Snezana and I have been doing a piss-poor job of promoting our own books, which means we are not impressing the amazing writers who have signed with us at all. I, then, decided to write this news post and do a little promoting.
Readers! Snezana and I have books coming out on March 4, and they’re available to order right now!
Snezana’s amazing new book is entitled Concrete Is More Beautiful Disfigured and Stained, and in it, she cuts right to the heart of the malleability of the identities assigned to us through academics, family, and class. I had the privilege of working with her on this collection, and it is absolutely breathtaking.
Her poetry is relentless, and it takes you from her “chest cavity—the old country” to the Emil Bach House in Chicago to everywhere else in-between. You straighten your back as she straightens hers while riding Chicago’s “beloved Blue Line,” and you feel her hunger pangs when she brings home an “an egg / stolen from an almost-empty supermarket.”

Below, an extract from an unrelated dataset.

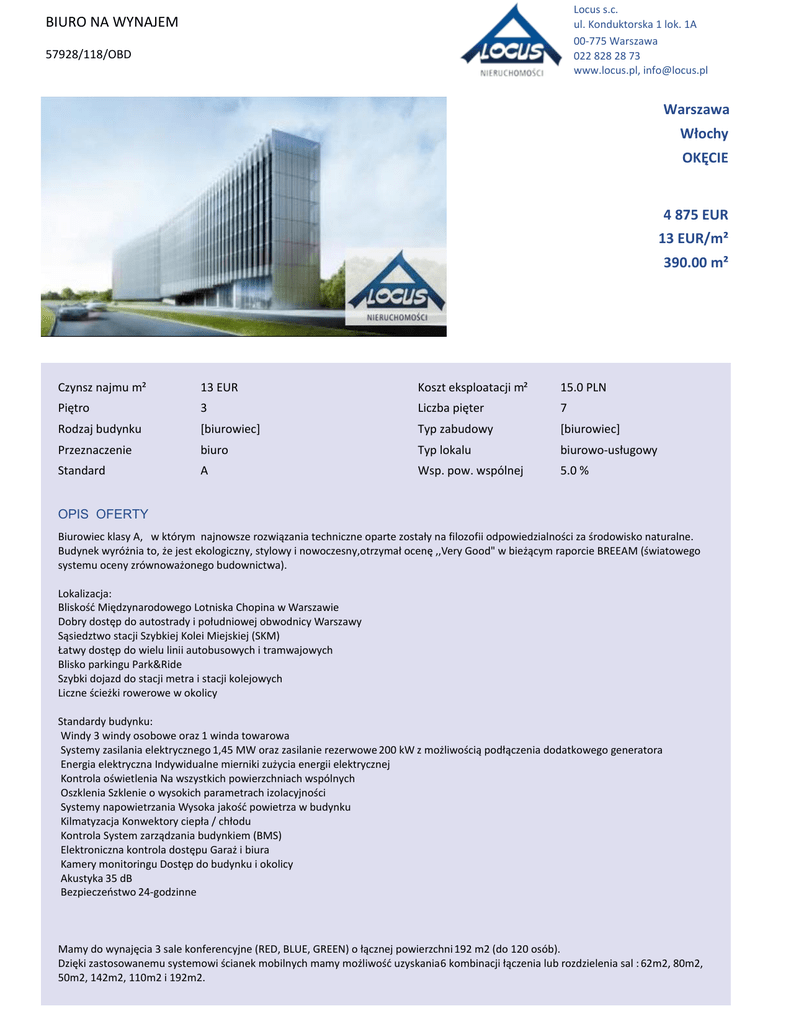 Locus s.c. ul. Konduktorska 1 lok. 1A 00-775 Warszawa 022 828 28 73 www.locus.pl, [email protected] BIURO NA WYNAJEM 57928/118/OBD Warszawa tųŽĐŚLJ K<%/ 4 875 EUR 13 EUR/m² 390.00 m² Czynsz najmu m² 13 EUR Koszt eksploatacji m² 15.0 PLN WŝħƚƌŽ 3 >ŝĐnjďĂƉŝħƚĞƌ 7 Rodzaj budynku [biurowiec] Typ zabudowy [biurowiec] Przeznaczenie biuro Typ lokalu ďŝƵƌŽǁŽͲƵƐųƵŐŽǁLJ Standard A Wsp. pow. wspólnej 5.0 % OPIS OFERTY ŝƵƌŽǁŝĞĐŬůĂƐLJ͕ǁŬƚſƌLJŵŶĂũŶŽǁƐnjĞƌŽnjǁŝČnjĂŶŝĂƚĞĐŚŶŝĐnjŶĞŽƉĂƌƚĞnjŽƐƚĂųLJŶĂĨŝůŽnjŽĨŝŝŽĚƉŽǁŝĞĚnjŝĂůŶŽƑĐŝnjĂƑƌŽĚŽǁŝƐŬŽŶĂƚƵƌĂůŶĞ͘ ƵĚLJŶĞŬǁLJƌſǏŶŝĂƚŽ͕ǏĞũĞƐƚĞŬŽůŽŐŝĐnjŶLJ͕ƐƚLJůŽǁLJŝŶŽǁŽĐnjĞƐŶLJ͕ŽƚƌnjLJŵĂųŽĐĞŶħ͕͕sĞƌLJ'ŽŽĚΗǁďŝĞǏČĐLJŵƌĂƉŽƌĐŝĞZD;ƑǁŝĂƚŽǁĞŐŽ ƐLJƐƚĞŵƵŽĐĞŶLJnjƌſǁŶŽǁĂǏŽŶĞŐŽďƵĚŽǁŶŝĐƚǁĂͿ͘ Lokalizacja: ůŝƐŬŽƑđDŝħĚnjLJŶĂƌŽĚŽǁĞŐŽ>ŽƚŶŝƐŬĂŚŽƉŝŶĂǁtĂƌƐnjĂǁŝĞ ŽďƌLJĚŽƐƚħƉĚŽĂƵƚŽƐƚƌĂĚLJŝƉŽųƵĚŶŝŽǁĞũŽďǁŽĚŶŝĐLJtĂƌƐnjĂǁLJ ^ČƐŝĞĚnjƚǁŽƐƚĂĐũŝ^njLJďŬŝĞũ<ŽůĞŝDŝĞũƐŬŝĞũ;^<DͿ BĂƚǁLJĚŽƐƚħƉĚŽǁŝĞůƵůŝŶŝŝĂƵƚŽďƵƐŽǁLJĐŚŝƚƌĂŵǁĂũŽǁLJĐŚ Blisko parkingu Park&Ride Szybki dojazd do stacji metra i stacji kolejowych >ŝĐnjŶĞƑĐŝĞǏŬŝƌŽǁĞƌŽǁĞǁŽŬŽůŝĐLJ Standardy budynku: Windy 3 windy osobowe oraz 1 winda towarowa Systemy zasilania elektrycznego 1,45 MW oraz zasilanie rezerwowe 200ŬtnjŵŽǏůŝǁŽƑĐŝČƉŽĚųČĐnjĞŶŝĂĚŽĚĂƚŬŽǁĞŐŽŐĞŶĞƌĂƚŽƌĂ ŶĞƌŐŝĂĞůĞŬƚƌLJĐnjŶĂ/ŶĚLJǁŝĚƵĂůŶĞŵŝĞƌŶŝŬŝnjƵǏLJĐŝĂĞŶĞƌŐŝŝĞůĞŬƚƌLJĐnjŶĞũ <ŽŶƚƌŽůĂŽƑǁŝĞƚůĞŶŝĂEĂǁƐnjLJƐƚŬŝĐŚƉŽǁŝĞƌnjĐŚŶŝĂĐŚǁƐƉſůŶLJĐŚ KƐnjŬůĞŶŝĂ^njŬůĞŶŝĞŽǁLJƐŽŬŝĐŚƉĂƌĂŵĞƚƌĂĐŚŝnjŽůĂĐLJũŶŽƑĐŝ ^LJƐƚĞŵLJŶĂƉŽǁŝĞƚƌnjĂŶŝĂtLJƐŽŬĂũĂŬŽƑđƉŽǁŝĞƚƌnjĂǁďƵĚLJŶŬƵ <ŝůŵĂƚLJnjĂĐũĂ<ŽŶǁĞŬƚŽƌLJĐŝĞƉųĂͬĐŚųŽĚƵ <ŽŶƚƌŽůĂ^LJƐƚĞŵnjĂƌnjČĚnjĂŶŝĂďƵĚLJŶŬŝĞŵ;D^Ϳ ůĞŬƚƌŽŶŝĐnjŶĂŬŽŶƚƌŽůĂĚŽƐƚħƉƵ'ĂƌĂǏŝďŝƵƌĂ <ĂŵĞƌLJŵŽŶŝƚŽƌŝŶŐƵŽƐƚħƉĚŽďƵĚLJŶŬƵŝŽŬŽůŝĐLJ Akustyka 35 dB ĞnjƉŝĞĐnjĞŷƐƚǁŽ24-godzinne DĂŵLJĚŽǁLJŶĂũħĐŝĂ3ƐĂůĞŬŽŶĨĞƌĞŶĐLJũŶĞ;Z͕>h͕'ZEͿŽųČĐnjŶĞũƉŽǁŝĞƌnjĐŚŶŝ192 m2 (do 120 osób). njŝħŬŝnjĂƐƚŽƐŽǁĂŶĞŵƵƐLJƐƚĞŵŽǁŝƑĐŝĂŶĞŬŵŽďŝůŶLJĐŚŵĂŵLJŵŽǏůŝǁŽƑđƵnjLJƐŬĂŶŝĂ6ŬŽŵďŝŶĂĐũŝųČĐnjĞŶŝĂůƵďƌŽnjĚnjŝĞůĞŶŝĂƐĂů͗62m2, 80m2, 50m2, 142m2, 110m2 i 192m2. BIURO NA WYNAJEM 57928/118/OBD Locus s.c. ul. Konduktorska 1 lok. 1A 00-775 Warszawa 022 828 28 73 www.locus.pl, [email protected] Czynsz- 12,5EUR/m Koszty eksploatacyjne 15pln/m tƐƉſųĐnjLJŶŶŝŬƉŽǁŝĞƌnjĐŚŶŝǁƐƉſůŶLJĐŚͲ5% tƐƉſųĐnjLJŶŶŝŬŵŝĞũƐĐƉĂƌŬŝŶŐŽǁLJĐŚ1/40 Miejsce parkingowe - 80 EUR Powierzchnia kondygnacji - 1600ŵ͕ŵŽǏŶĂƉŽĚnjŝĞůŝđŶĂ4 najemców. Minimalny czas najmu - 3 lata. EƵŵĞƌůŝĐĞŶĐũŝƉŽƑƌĞĚŶŝŬĂŽĚƉŽǁŝĞĚnjŝĂůŶĞŐŽnjĂǁŽĚŽǁŽnjĂǁLJŬŽŶĂŶŝĞƵŵŽǁLJƉŽƑƌĞĚŶŝĐƚǁĂ͗ϱϰϴϬ Kontakt ,ƵďĞƌƚ^ĂďĂųĂ 602 392 444 [email protected] KK&Zd%

I’ve known Snezana for over 20 years, and what has continually impressed me about her is her innate ability to actively take part in (and even create!) community. From being a proud union member to co-founding Match Factory Editions and helping talented writers get published, she lives and breathes solidarity. This is evident in much of her poetry; buildings are not merely buildings but “mid-century facades / designed in positivist offices / by architects and city planners / in checkered suits.” Chicago is not just a city; it is “a cell under the cosmic microscope lens // focused on the swamp underneath.” The aforementioned Emil Bach House is not only an architectural wonder; it is also “landscapers, receptionists, / carpenters, janitors, electricians, / painters, security guards.”
In some ways, Concrete Is More Beautiful Disfigured and Stained is a companion to Broken Records, Snezana’s memoir from 2016. And it is just as important. You should read both and tell me if you agree or not!
My new book is entitled Meditations on the Possibility of Romantic Love in the South between Eras of Nuclear Weapons Proliferation. It’s been decades in the making, and I’m quite scared and a little proud to be releasing it. It’s a collection written by a person who reads too much James Joyce and listens to too much mediocre music. From ship skeletons to unmade beds, much of my poetry explores some form of the past in order to make sense of the present. In fact, the theme of the entire collection could probably be summed up by the final scene of 1991’s The Prince of Tides.
It is too odd for me to quote my own poetry, so I will, instead, present to you my opening poem:
The Men-of-War Remained Shriveled in the Sand
I dug my hole. Sat there. Waited
for the tide. Waited for the mud
from my boots to lead me back
to the bars I’d been to, to the days
I’d lost, to the demons
I’d gleefully cross-stitched into sheets.
There were parts of them I hated.
Parts of them I didn’t. My black book
swelling on account of humidity and longing.
Thanks for reading! And so ends this promotional piece.